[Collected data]
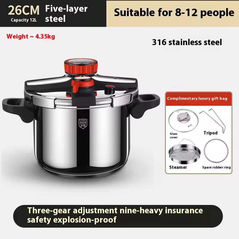 Olla de Acero Inoxidable 316 de Alta Calidad para Cocina de Gas e Inducción, Utensilios de Cocina a Prueba de Explosiones, Olla a Presión de 10L
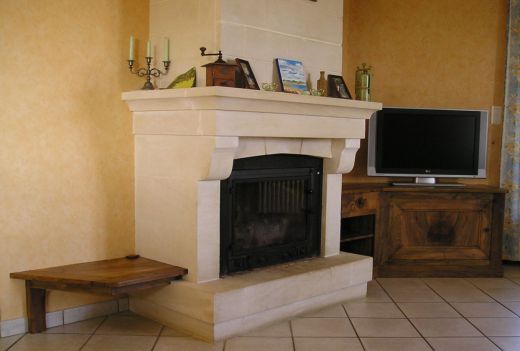 Fabrication en noyer,, intérieur peuplier.Ajustage sur les pierres de la cheminée.
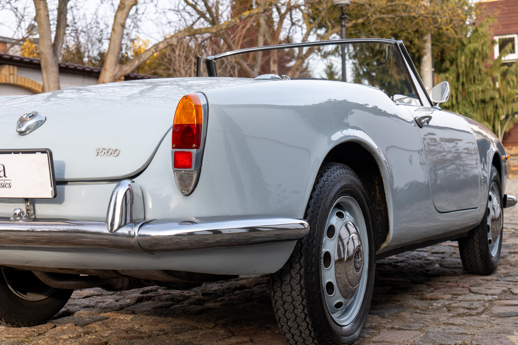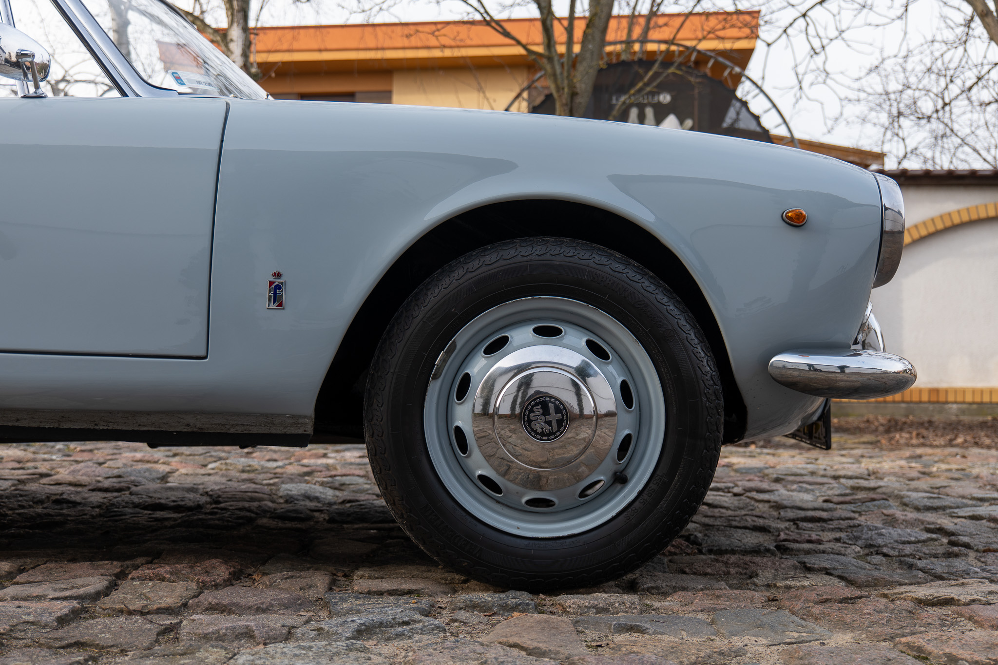 Alfa obecnie ma 17” całoroczne opony 215/45 Imperial z 2021 roku oraz felgi księżyce. Sprawna, jeżdżąca. Przegląd przeszła z uwagą, że do zrobienia jest lewy przedni wahacz. Blacharsko trzyma się. Wizualnie – w kilku miejscach schodzi bezbarwny lakier, dach ktoś przede mną pomalował na biało, są też drobne odpryski i ślady po obijaniu drzwiami.
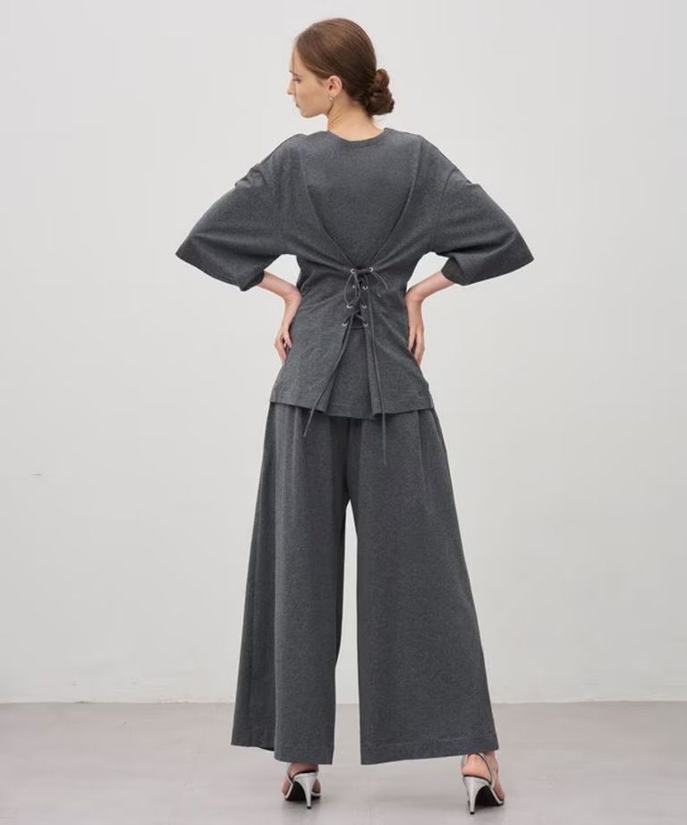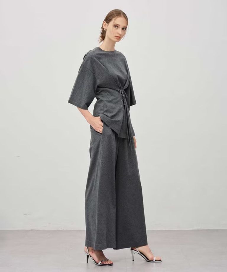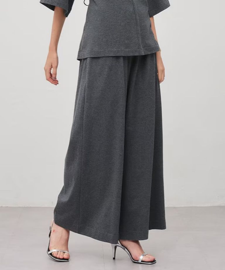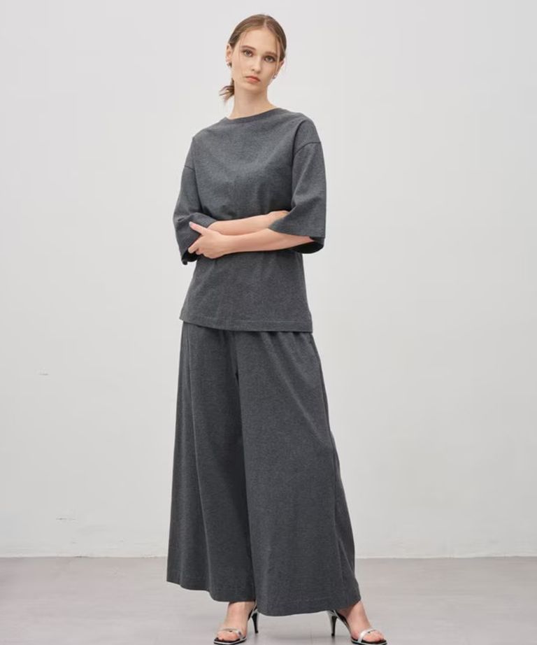 プレーンジャージーギャザーパンツ(チャコール) 綿 / ウォッシャブル / ウエストゴム / PRUVGW0314
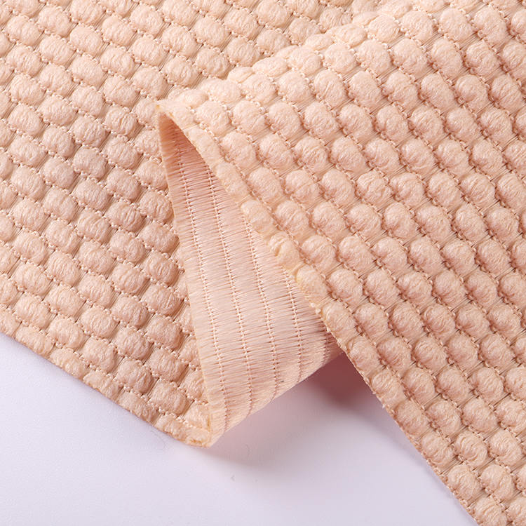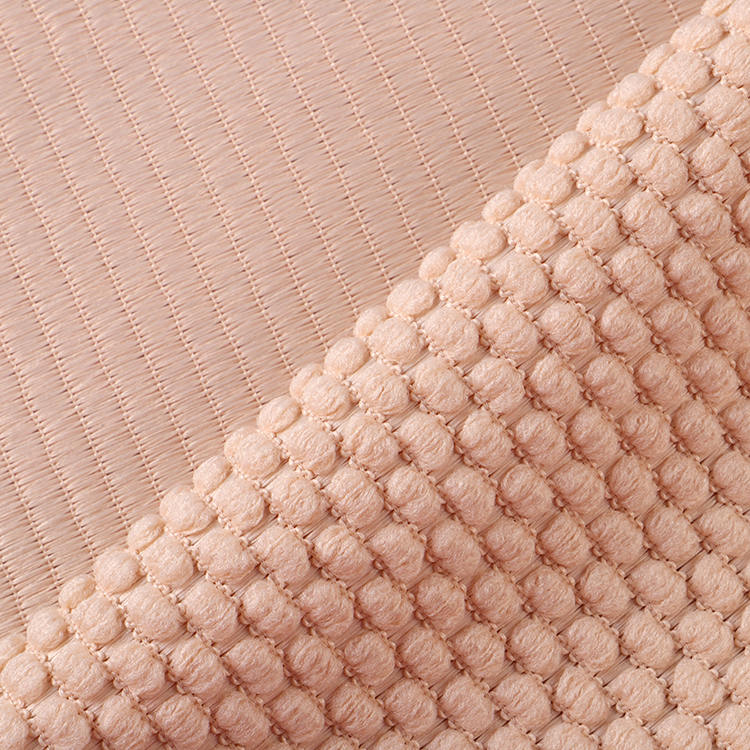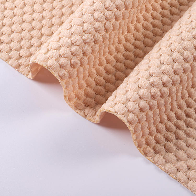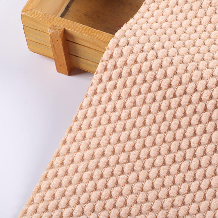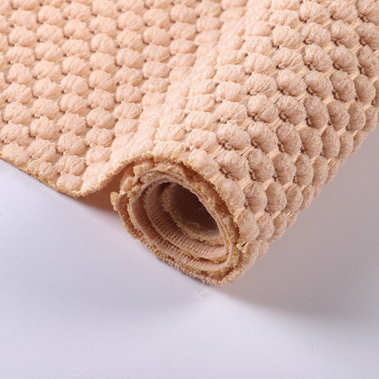 3次元のバブルファブリックを際立たせるのは、独特の4mmパイルの高さであり、触覚的で視覚的に顕著な3次元効果を生み出します。カーペット、ラグ、バスマットに使用されるかどうかにかかわらず、このニットファブリックは、高度な技術と細心の職人技へのコミットメントを示しています。その堅実な色の色は、永続的な活気を提供し、目の肥えたブランドや消費者の両方の美的要求に応えます。
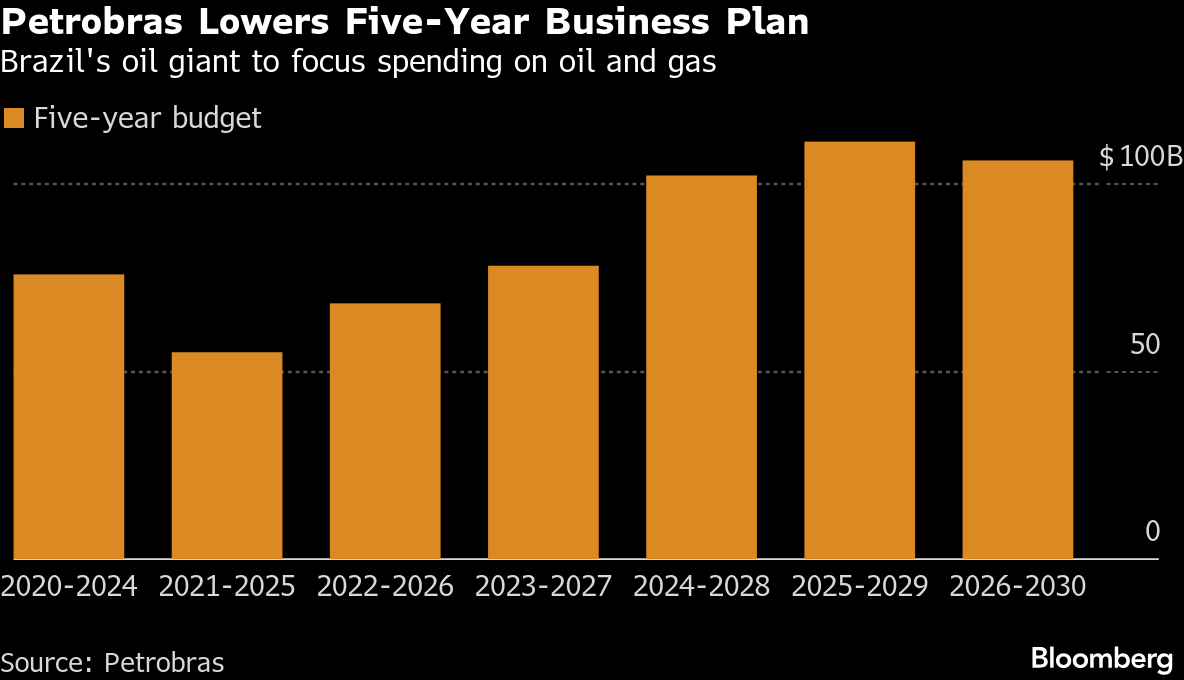 Petroleo Brasileiro SA, as it is formally known, will direct $91 billion of the total capital expenditure to projects under implementation, of which $10 billion will still need budget confirmation subject to a financing analysis. The rest is still under analysis “with a lower degree of maturity,” it said in a filing on Thursday.

• [Aim of the exercise]
Which lines run from the one containing "3次元のバブルファブリックを" to the end of the data above? Set down those lines exactly, and only those, without any pictures.

• [Reply to the task]
 3次元のバブルファブリックを際立たせるのは、独特の4mmパイルの高さであり、触覚的で視覚的に顕著な3次元効果を生み出します。カーペット、ラグ、バスマットに使用されるかどうかにかかわらず、このニットファブリックは、高度な技術と細心の職人技へのコミットメントを示しています。その堅実な色の色は、永続的な活気を提供し、目の肥えたブランドや消費者の両方の美的要求に応えます。
 Petroleo Brasileiro SA, as it is formally known, will direct $91 billion of the total capital expenditure to projects under implementation, of which $10 billion will still need budget confirmation subject to a financing analysis. The rest is still under analysis “with a lower degree of maturity,” it said in a filing on Thursday.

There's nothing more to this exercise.